If your first day at school is akin to getting into a bath, The Girl has been gently, gingerly one-toe-at-a-time carefully placed into a warm bubbly tub with dolphin taps and fluffy towels. I've met her kind, wise, down to earth teacher who asked me if she had any phobias, or particular likes or dislikes. The Girl goes to school for a few hours a day to get her used to it. Of course she's having a ball. Drawing, painting, water splashing on tap! Friends with names like 'Rocky' and 'Gabriel' and 'Tylen'! Really good food with carrots cut into sticks!
But walking into the playground brought back a load of memories for me; a not uncommon occurrence. Suddenly your sophisticated adult self is wearing clothes that are too big, sucking your thumb and clinging onto mum's leg. The powerful feelings of fear, anxiety, desperation to fit in. My first day at school in comparison was like being thrown into a freezing bath. In fact my primary school did have an outdoor swimming pool which I later suspected was used by Scotland Yard for breaking the spirits of stubborn suspects. That pool was fucking ICY! And I learned to swim in it! You had no choice - it was either swim or calcify with cold and die. And for all this effort I received a small piece of white felt in Assembly. "Congratulations Jane, you're still alive. Have some felt."

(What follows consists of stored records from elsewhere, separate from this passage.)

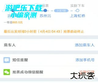 5、记得将短信开启,这样就不会错过漏下余票的通知,然后点按蓝字添上乘车人。
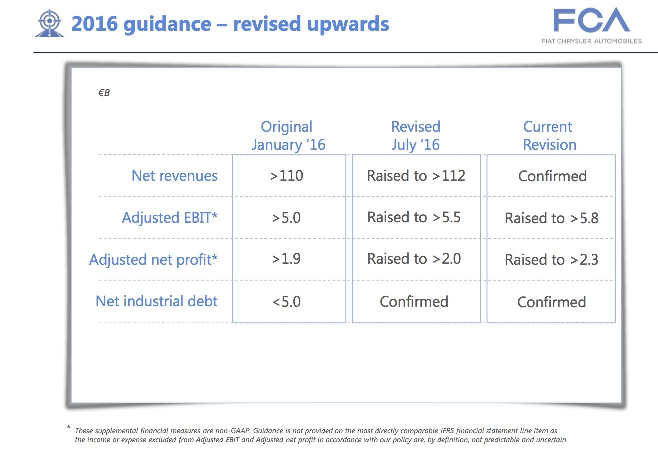 Note that FCA still expects its net industrial debt to fall below 5 billion euros by the end of the fourth quarter.
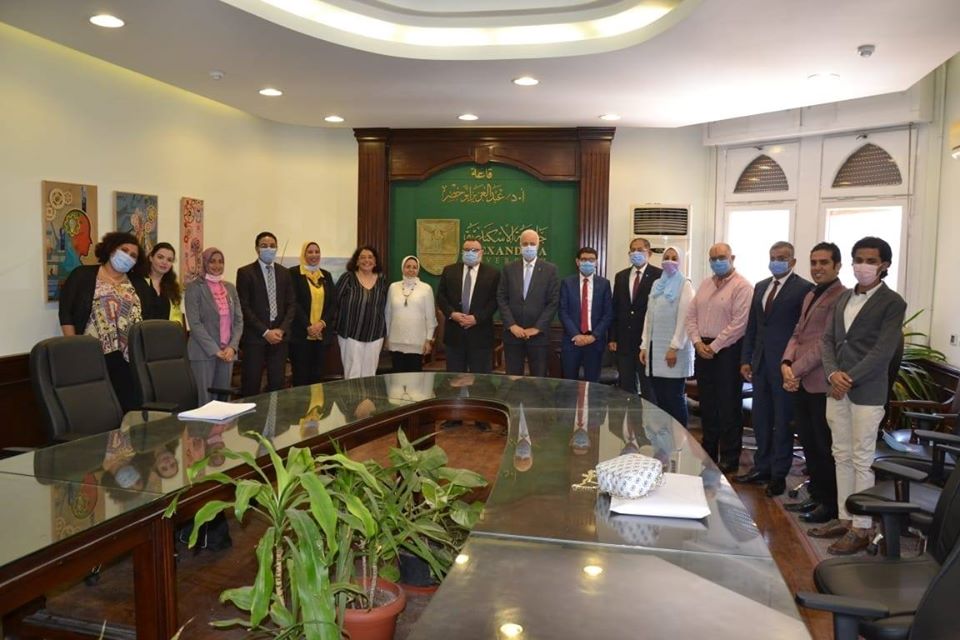 Dr. Essam Al-Kordi, President of Alexandria University and President of the Conference of Presidents of Francophone Universities in the Middle East for this session (CONFREMO), Dr. Khaled Khalaf, Executive Director of IBDL, and Dr. Noha Sultan, representative of the Francophone University Agency, delivered certificates of honor to faculty members who participated as trainers and as members of a committee Judging for the virtual regional student competition on "Entrepreneurship in the Middle East" REC, which was organized by Alexandria University in its capacity as Chair of the Conference of Presidents of Francophone Universities in the Middle East and held in cooperation with the Francophone University Agency, and with the support of the IBDL (International Business Leadership License), which organized and administered the competition on The website. Alexandria University students who won the second and sixth places in the competition were also honored.

Ah - the first day of school. For some reason my father dropped me off very early. I stood in this giant, empty playground feeling utterly abandoned. Now when I look at photos of the school, it seems very small. But then, age five, it loomed like some Gothic ghost house in Scooby Doo. Nervously I crept in, and stood in a long long corridor that smelled of sick and disinfectant. A very tall person suddenly appeared in front of me. It had droopy clothes and long grey hair, and resembled Gandalph in drag. "What are you doing?" he/she boomed. It was our Headmistress. "Go outside and play!" Terrified, I fled and hid behind the school bins.
Of course I survived and got used to it. But I remember feeling anxious most of the time; afraid of getting it wrong, being found out. It's not good for a child to teeter in a state of anxiety. If you can't mentally relax, you can't think or play freely either. A lot of that may just have been how I was made. But I look at the way The Girl rushes into school and sees it as an adventure and it pleases me that her teacher wants to understand her little quirks and respect her individuality.
3 comments:
I think I must have gone to the same school as you... the outside pool was just plain evil.

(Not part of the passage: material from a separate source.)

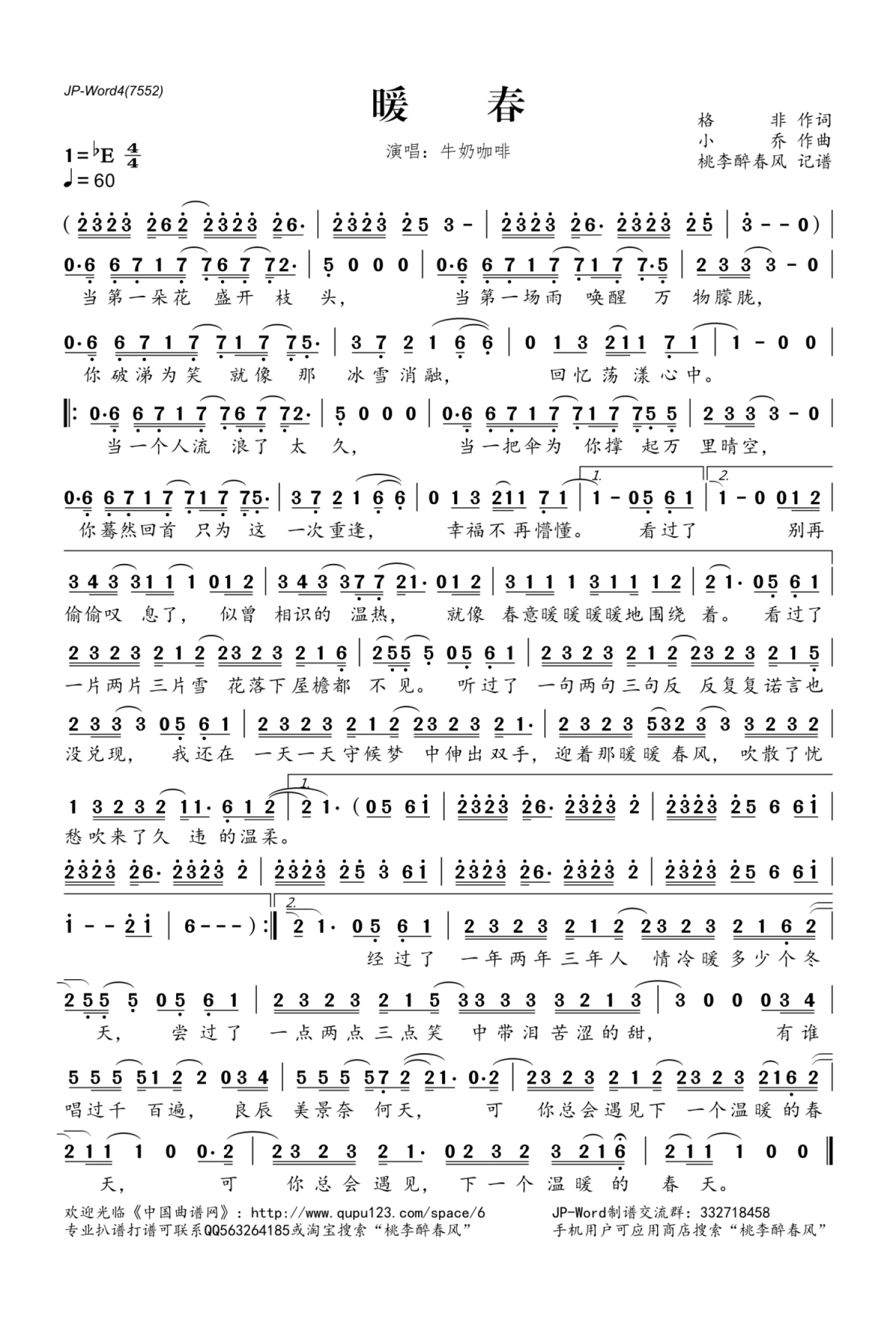 曲谱介绍: 牛奶咖啡《暖春》歌词_简谱

And why do/did primary schools smell of sick and disinfectant? That seems SO very wrong as an adult - but normal as a kid.
Glad it is going well for your daughter. Mine is still sobbing and has stopped eating breakfast. It can only get better!
My own school was similarly Gothic. The infants were in a literally gothic Victorian building. The 4 year olds were left by parents in a playground by the main road totally unsupervised until the school door opened. We had outside toilets with no roof over the bit with the sinks in it, and we played on a broken down old wall, lugging bits of brickwork about to make rooms to play house. All of which I guess is no longer allowed!
There is something sad about your child going to school - they're now subject to a whole new set of influences. And schools do start testing children so absurdly early, but maybe that's more the private sector. I had a mate who took her THREE year old daughter to St Bastards School for the Rich and teacher put a pencil in the child's hand. "Er Emily can't actually write yet . ." muttered my friend. "Oh yeeerrs we realise that, but we like to see if the child gravitates towards writing." I think at that age I'd just have pushed the pencil up my nose.
Another thing I remember was the shiny slippery loo paper. No absorbancy at all and it said: Now Wash Your Hands.